**Task brief:**
Once you reach the line with "Ordered this for", transcribe it and every line after it to the end of the records, exactly, but not the pictures.

- - - - -

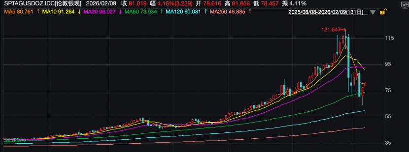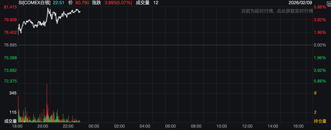 国际白银市场方面,近两个交易日,白银现货持续反弹。截至发稿,伦敦银现涨超4%,站上81美元/盎司关口;COMEX白银涨超5%。
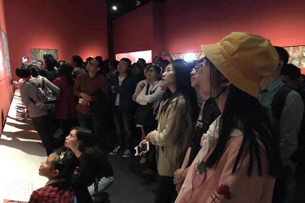 随后,另外一位讲解员带领大家走进了丝绸之路展厅。在这个展厅,同学们了解到了敦煌艺术的由来及后续发展,古人作画的手法特征及色彩运用技巧,同时,风趣幽默的讲解员也通过一幅幅栩栩如生的壁画为大家讲述了一个个生动的故事,使得参观的氛围变得十分活泼。
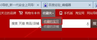 然后把鼠标移动到页面的“收藏夹”上面,在出现的菜单中选择“收藏的宝贝”
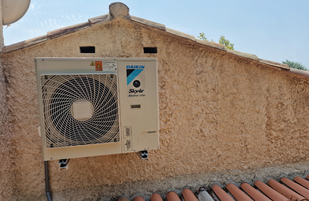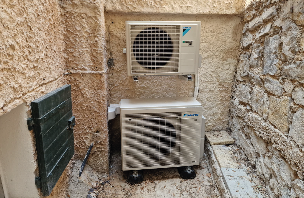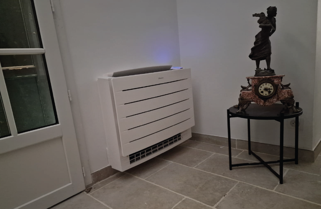 Notre équipe a procédé à l’installation de 3 monoconsoles DAIKIN (2,5 à 3,5 kW) pour traiter l’ensemble du rez-de-chaussée (entrée, salon et salle à manger). Les unités extérieures ont été positionnées sur support-sol contre la façade extérieure.
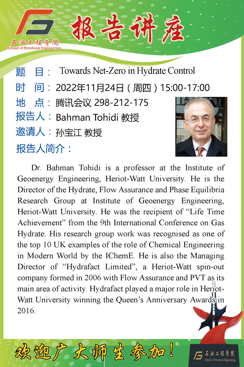 关于听取 Bahman Tohidi 教授学术报告的通知
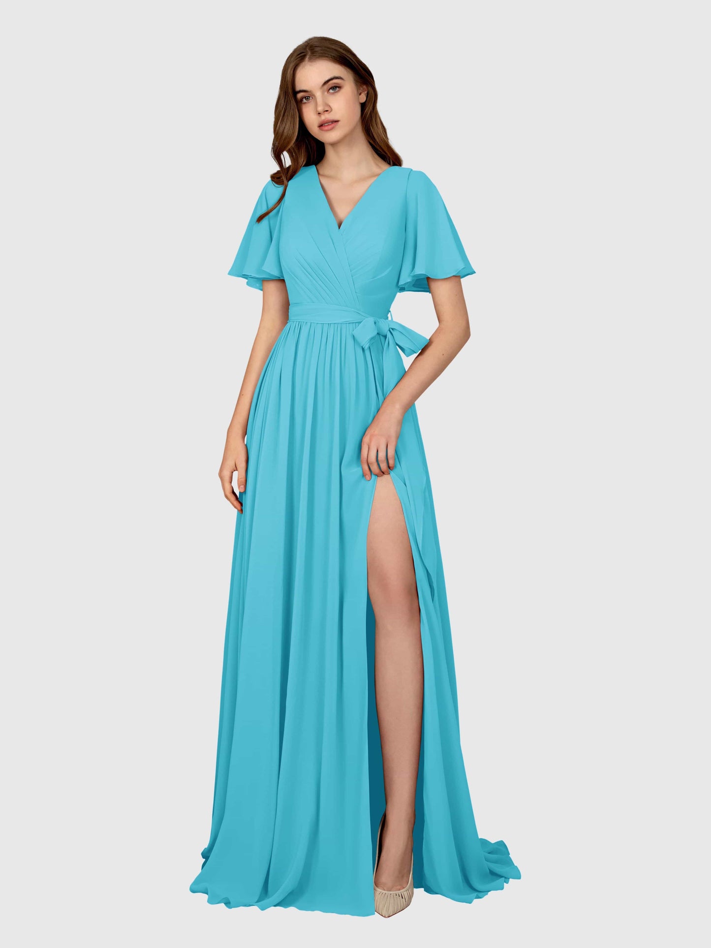 Ordered this for my mate's garden wedding and it's spot on. Fits like a glove (thank you, lace-up back!), the V-neck is classy but not boring, and the colour stayed vibrant despite a very enthusiastic bouquet toss. Even my gran complimented me, which is high praise indeed.
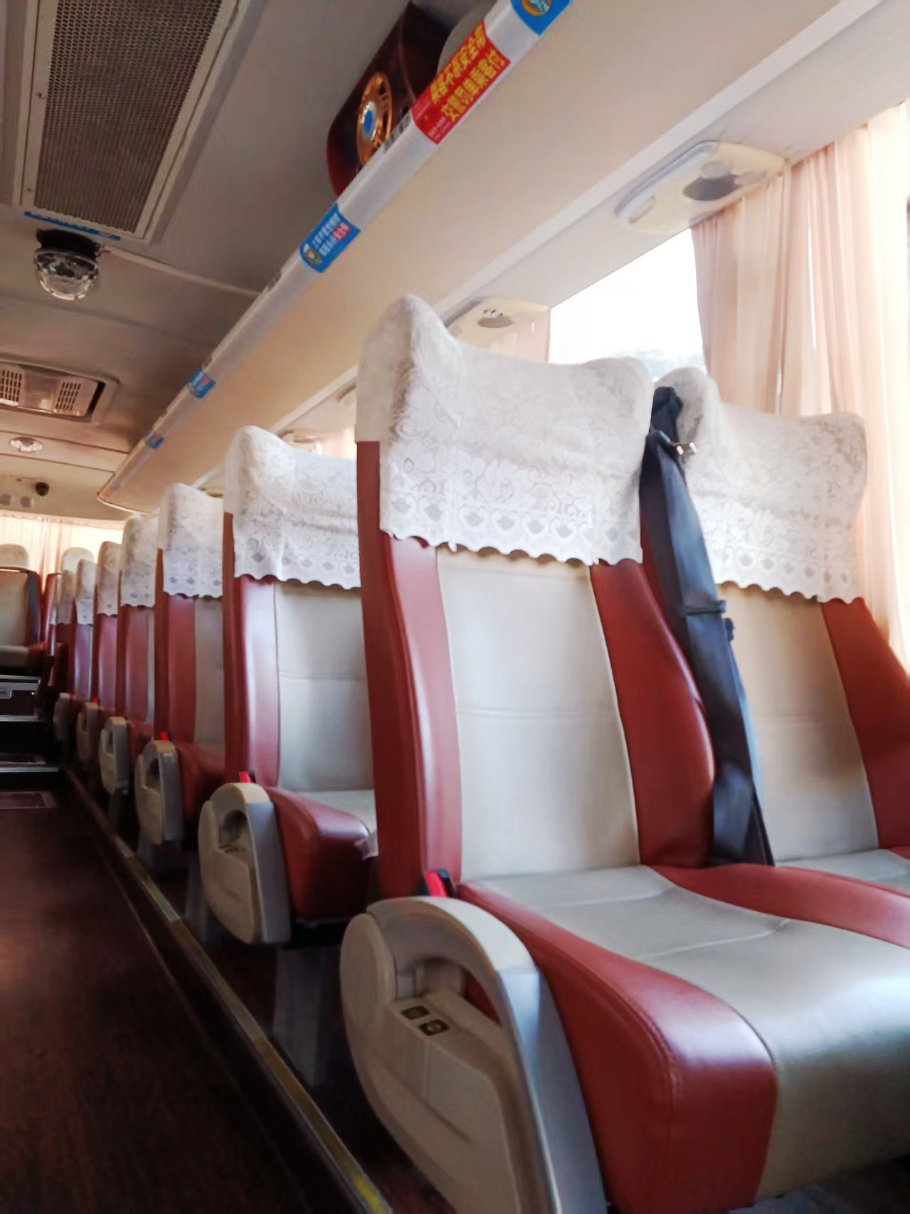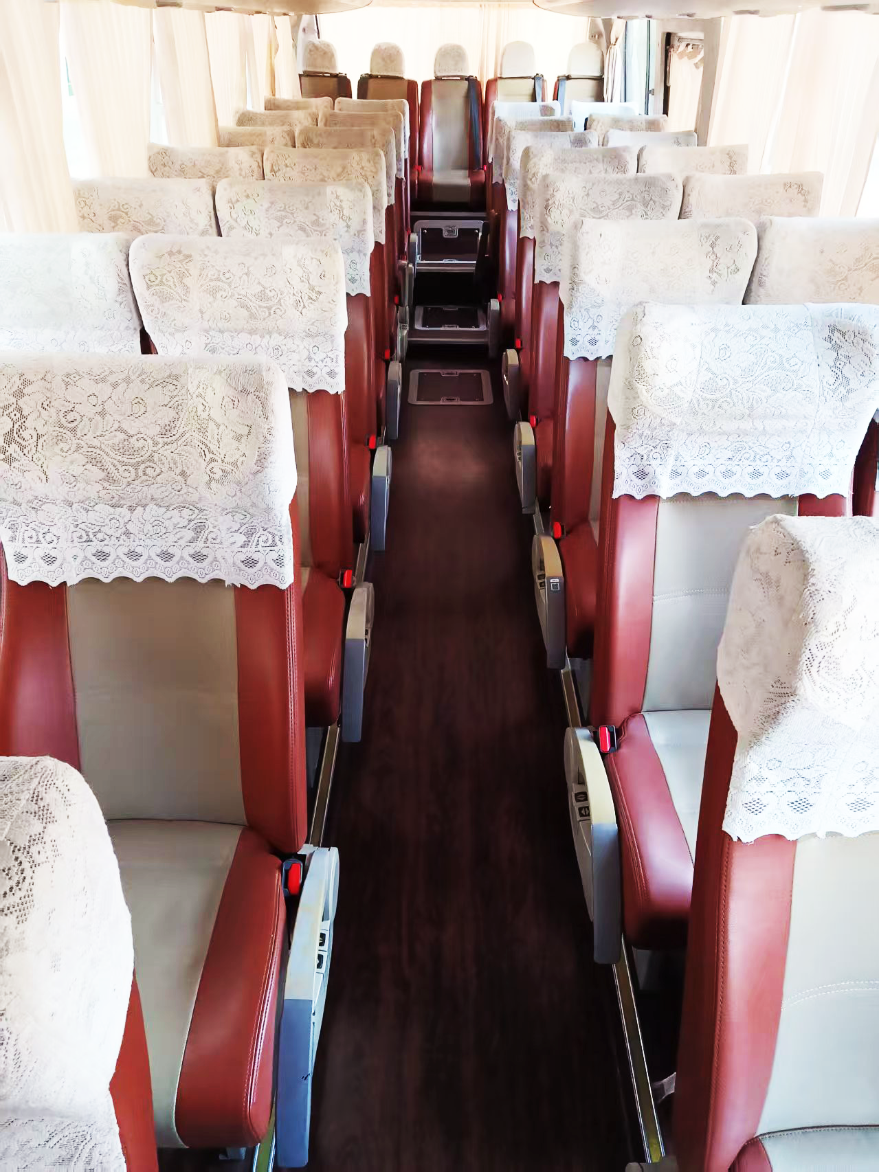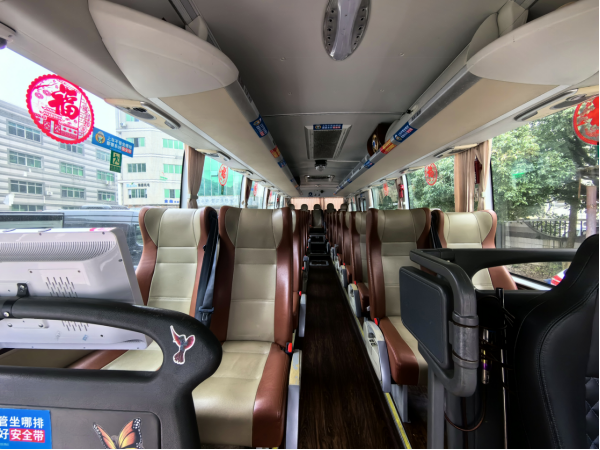 适用于大型团体出行、企业班车、旅游包车等场景, 车内空间宽敞,乘坐舒适。

- - - - -

**Answer to this task:**
 Ordered this for my mate's garden wedding and it's spot on. Fits like a glove (thank you, lace-up back!), the V-neck is classy but not boring, and the colour stayed vibrant despite a very enthusiastic bouquet toss. Even my gran complimented me, which is high praise indeed.
 适用于大型团体出行、企业班车、旅游包车等场景, 车内空间宽敞,乘坐舒适。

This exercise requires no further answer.